# Higan (SNES emulator) for Mac ?



## spotanjo3 (Aug 11, 2016)

Yes, I know about Xcode. I already have it. High v101 just released for Windows. I am trying to compiling Higan v101 on Mac.

To anybody on these boards are, please kindly, to help me out how to compile on MAC?


----------



## Swiftloke (Aug 11, 2016)

Nice tutorial.


----------



## raulpica (Aug 11, 2016)

Swiftloke said:


> Nice tutorial.


I moved this into Computer Programming, Emulation, and Game Modding a few hours ago - looks like a caching problem on your side?


----------



## Swiftloke (Aug 11, 2016)

raulpica said:


> I moved this into Computer Programming, Emulation, and Game Modding a few hours ago - looks like a caching problem on your side?


That's a problem with moving stuff: I think you have to manually delete them from the front page.


----------



## spotanjo3 (Aug 11, 2016)

Sorry about that. 

A tutorial, please ?


----------



## spotanjo3 (Aug 13, 2016)

Nobody knows ? I google it and no tutorial for that either.


----------



## Joom (Aug 13, 2016)

I don't know how you'd go about compiling it, but if there's not any particular reason you need this specific emulator you can install OpenEmu. It's an all-in-one wrapper for many emulators that comes with a ROM library that downloads box art and you can select between different cores. I really like it.


----------



## spotanjo3 (Aug 13, 2016)

Joom said:


> I don't know how you'd go about compiling it, but if there's not any particular reason you need this specific emulator you can install OpenEmu. It's an all-in-one wrapper for many emulators that comes with a ROM library that downloads box art and you can select between different cores. I really like it.



I understand but I am just asking for Higan.. Nothing else. I do have OpenEmu but i just want to try Higan on Mac.


----------



## Joom (Aug 13, 2016)

azoreseuropa said:


> I understand but I am just asking for Higan.. Nothing else. I do have OpenEmu but i just want to try Higan on Mac.


Its core is apparently already used with OpenEmu. 
https://github.com/OpenEmu/Higan-Core/releases


----------



## spotanjo3 (Aug 13, 2016)

Joom said:


> Its core is apparently already used with OpenEmu.
> https://github.com/OpenEmu/Higan-Core/releases



LOL. Thanks but it is old. I am talking about v101 version. It just released days ago. I mentioned v101 above.


----------



## Joom (Aug 13, 2016)

azoreseuropa said:


> LOL. Thanks but it is old. I am talking about v101 version. It just released days ago. I mentioned v101 above.


Oh I'm sorry. If I knew how to compile with Xcode I'd help more. :\


----------



## DavidRO99 (Aug 13, 2016)

azoreseuropa said:


> LOL. Thanks but it is old. I am talking about v101 version. It just released days ago. I mentioned v101 above.

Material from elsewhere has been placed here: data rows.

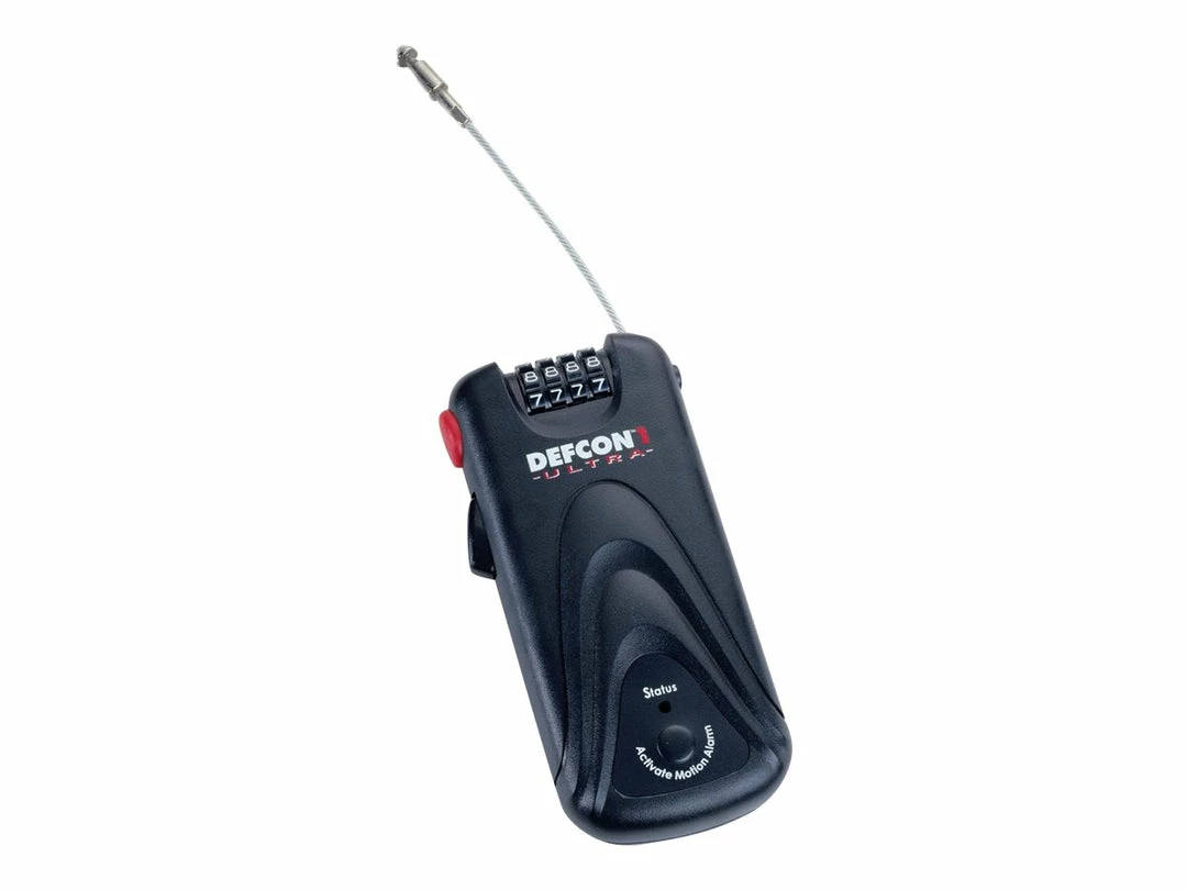 Alarm is activated when cable is severed or when motion sensor is armed and triggered - Lock Slot
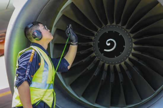제주항공 직원이 항공기 엔진을 점검하고 있다. 제주항공 제공 |
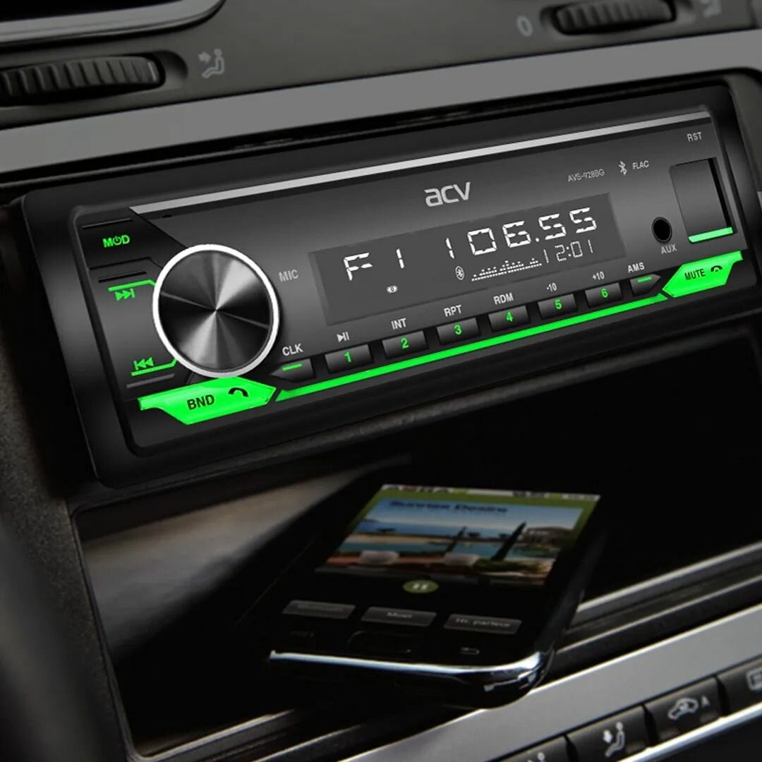 Автомобильный ресивер с Bluetooth, поддержкой ACV RC и ACV Control, зеленая подсветка ACV AVS-928BG
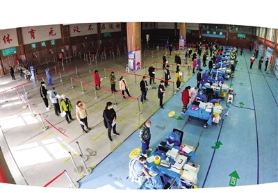 “從3月9日開始,呼和浩特全民健身中心乒羽網(wǎng)保館進(jìn)行全面消殺,10日正式開始接種疫苗。配有大量志愿者現(xiàn)場維持秩序和引導(dǎo)市民有序接種,并針對(duì)一些特殊群體開辟了綠色通道,有效保證疫苗正常接種秩序?!焙艉秃铺厥腥窠∩矸?wù)中心黨支部副書記于首淼說。
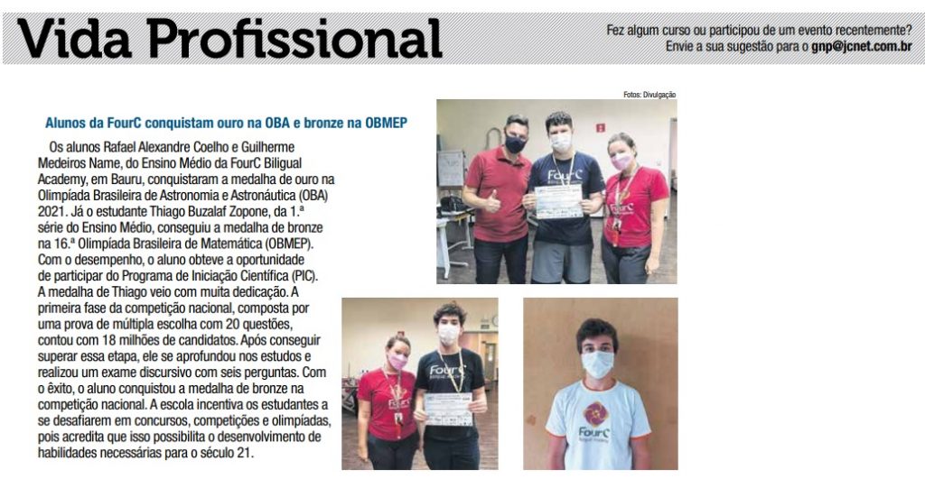 Nossos alunos Rafael Alexandre Coelho e Guilherme Medeiros Name, do Ensino Médio, conquistaram a medalha de ouro na Olimpíada Brasileira de Astronomia e Astronáutica (OBA) 2021. Já o estudante Thiago Buzalaf Zopone, da 1.ª série do Ensino Médio, conseguiu a medalha de bronze na 16.ª Olimpíada Brasileira de Matemática (OBMEP). Os alunos ganharam destaque no Jornal da Cidade de Bauru.
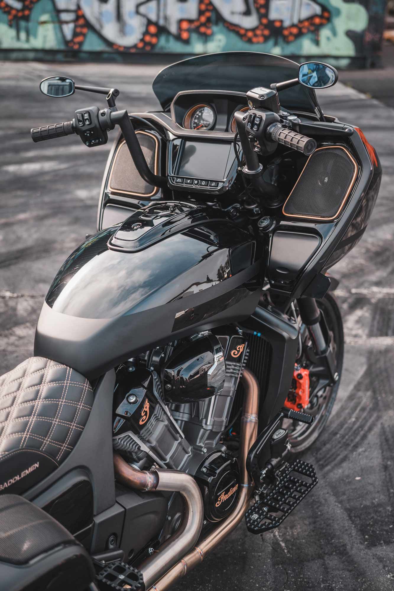 Meet the bagger built for Atlanta-based verbiage aficionado and recent host of the hit Netflix show ‘Trigger Warning,’ Killer Mike. He’s a big fan of black – and despite blacked-out baggers being a popular choice in the common crowd, builders Carey Hart and Big B have somehow managed to make a stunning build that sticks out even amongst the one-off pieces floating around in today’s industry.

Send me the Xcode file, see what I can do


----------



## spotanjo3 (Aug 13, 2016)

DavidRO99 said:


> Send me the Xcode file, see what I can do



Just talked with Higan developer and his people. Here:

Everything *may* be good for v102 if the above changes get merged by byuu before then. He has a problem with Mac code. So I guess I will have to wait for v102. 

By the way, DavidR099.. A step by step tutorial will be nice from you until v102 is release.


----------



## DavidRO99 (Aug 13, 2016)

azoreseuropa said:


> Just talked with Higan developer and his people. Here:
> 
> Everything *may* be good for v102 if the above changes get merged by byuu before then. He has a problem with Mac code. So I guess I will have to wait for v102.
> 
> By the way, DavidR099.. A step by step tutorial will be nice from you until v102 is release.


I didn't say I will succeed I wanted to try... couldn't you use wine or even better WineBottler so you can convert it into a mac app?


----------



## Joom (Aug 13, 2016)

DavidRO99 said:


> even better WineBottler so you can convert it into a mac app?


That doesn't convert it into a native OS X application. It would still use Windows calls and APIs, which is not what one wants when it comes to emulation.


----------



## spotanjo3 (Aug 13, 2016)

DavidRO99 said:


> I didn't say I will succeed I wanted to try... couldn't you use wine or even better WineBottler so you can convert it into a mac app?



They did and it didn't succeed. Higan developer and his people found the problem and will release v102 soon. So don't waste your time. Again, if you want then go to bsnes site and download the source. 

Yes, I did try Wineskin and it won't run this emulator at all. I have no problem with any emulators using Wineskin and this one is the problem. I rather to have a small file since Wineskin can convert them into a larger file than emulator actually size file.


----------



## RevPokemon (Aug 13, 2016)

I do not know how much you want to use Higan but you could add a very small Linux boot to your laptop to use it, although its a hassle it could work if you are that desperate.


----------